The son of an admiral who served under Myanmar’s previous junta has again defended the military’s 2021 coup, following in the footsteps of his father.
Aye Chan, son of ex-admiral and former minister Soe Thane, told foreign correspondents in New Delhi that the coup was triggered by fraud committed by the National League for Democracy (NLD) in the 2020 general election.
The Foreign Correspondents Club (FCC) of South Asia had invited Aye Chan – a member of the junta-controlled Myanmar Press Council (MPC) – to give a talk on Tuesday, ahead of the third anniversary of the coup.
The invitation came just six months after 10 India-based correspondents resigned in protest from FCC South Asia after its president Venkat Narayan visited junta ministers in Naypyitaw in June last year.
In August 2022, Aye Chan used the UNESCO-backed Dili Dialogue Forum to claim the military coup was justified. He told regional media representatives that the NLD was “a party of the corrupt” and had “rigged the election”, resulting in the coup. Parroting junta propaganda, he also defamed the country’s anti-regime movement and its attempt to restore democracy, calling it “terrorism”.

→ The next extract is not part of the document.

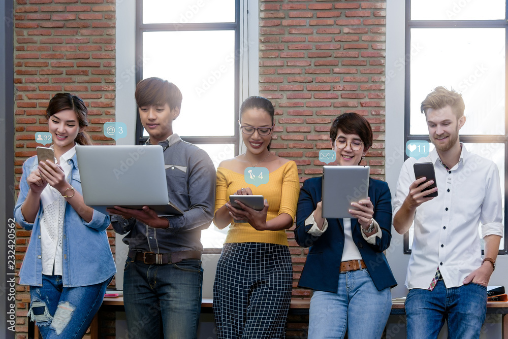 Multiethnic asian business group in casual suit using smart phone, tablet and laptop for working or playing social network and web site in modern office. Business and Technology concept

He mentioned nothing of the junta’s media crackdown, including the arbitrary arrest, killing and imprisonment of journalists and revoking licenses of outlets reporting on junta atrocities. Instead, he accused independent media of exacerbating the country’s crisis by reporting “fake news”.
Twenty-nine media organizations protested his statement.

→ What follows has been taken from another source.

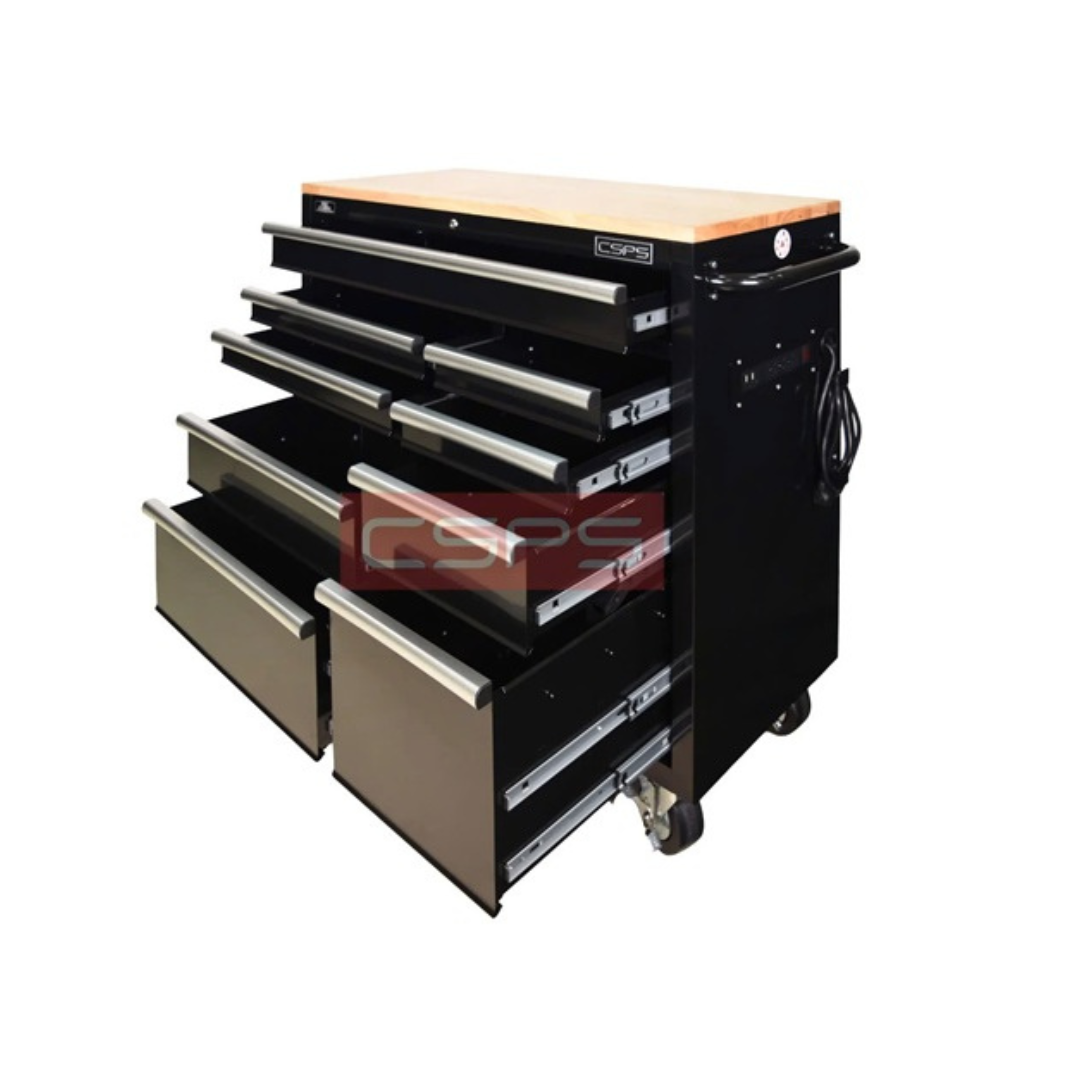 Tủ dụng cụ CSPS 104cm - 10 hộc kéo có mặt ván VNTC10410B13M là dòng tủ đồ nghề cao cấp dành cho môi trường làm việc chuyên nghiệp như gara ô tô, xưởng cơ khí và nhà máy sản xuất. Với thiết kế 10 hộc kéo đa dạng kết hợp mặt bàn gỗ chắc chắn, sản phẩm giúp tối ưu không gian lưu trữ và hỗ trợ thao tác kỹ thuật hiệu quả hơn trong quá trình làm việc.

Aye Chan, 51, became an MPC member following the coup, when its independent voices were replaced by pro-military writers and media owners under a new chief, the military-supporting poet and ex-major Ohn Maung (penname Myinmu Maung Naing Moe).

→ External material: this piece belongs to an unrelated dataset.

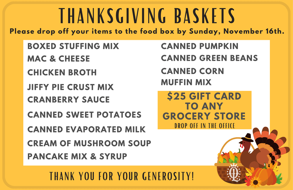 We’re collecting food donations to fill Thanksgiving Baskets for our neighbors in need. Please bring items from the list and drop them in the food box by the elevators by Sunday, November 16. Thank you for your generosity in helping provide a joyful and nourishing Thanksgiving meal for those in our community!
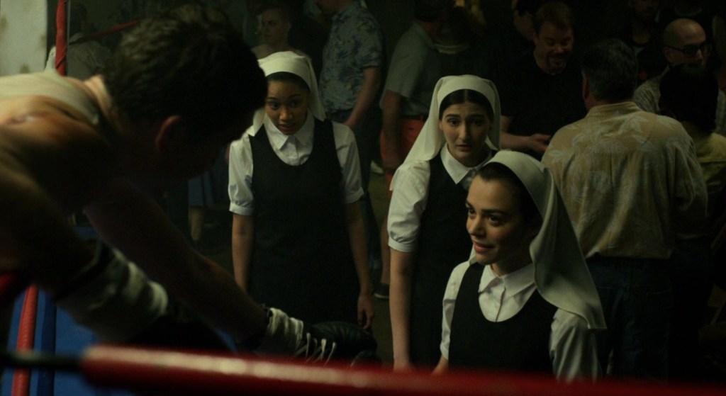 A quick flashback drinks up up to speed when a young Maggie is swayed from taking her vows when she’s wooed by sweaty, scrappy boxer, Jack Murdock during a boxing match. Before you know it, little baby Matt is born, but due to a serious bout of undiagnosed post-partum depression, Maggie gives up her baby entirely into his father’s care and returns to the church, swearing everyone, including Father Lantom and Jack, to keep her secret. Matt is pissed at the decades of secrecy and leaves his lair to hole up at a local, run down gym where his demons continue to torment him about whether he needs to break his code and take a life to halt Fisk’s schemes.

He has since acted as mouthpiece for junta boss Min Aung Hlaing’s narratives at regional forums.
Aye Chan joined the press council as owner of Myanmar Insider, which he uses to promote regime propaganda, including the claim of NLD election fraud. In one article, he concludes his limp and clumsy arguments for why anti-regime activities would fail by openly admitting: “Myanmar Insider has become a mouthpiece for the junta.”
The publication’s address – shared with a KFC outlet on Bogyoke Aung San Road in downtown Yangon – is also questionable, given the building used to be a state asset under the Transportation Department. How it ended up in Aye Chan’s hands is not known. An advert on the Myanmar Insider website offers the building for rent as a “quality office space in central downtown.”
According to his LinkedIn profile, Aye Chan is the chairman of the E-Commerce Association of Myanmar and deputy chairman of the Myanmar Digital Economy Association. He is also the director of rgo47, an online shopping site that has become one of the targets of a popular boycott of military-related businesses since the coup.
Aye Chan’s father Soe Thane, who served as admiral in Than Shwe’s regime and minister in Thein Sein’s quasi-civilian government, is also an enthusiastic supporter of the 2021 putsch.
“Myanmar’s independence was restored on Feb. 1, 2021,” he wrote soon after the military takeover.
Historian Thant Myint-U praised Soe Thane as a reformist in Thein Sein’s government, calling him “the principle architect of the normalization of ties with the West” and “Burma’s main cheerleader abroad”, in his book “The Hidden History of Burma”.
However, Soe Thane’s actions since the 2021 coup prove he remains a military man at heart.
Myanmar’s Independent Press Council, which was formed by journalists in exile, on Wednesday condemned FCC South Asia’s decision to invite Aye Chan. It urged such organizations to act in a more responsible manner and support the struggle of Myanmar people and particularly of journalists in defending press freedom against repression by Myanmar’s “illegitimate” military regime.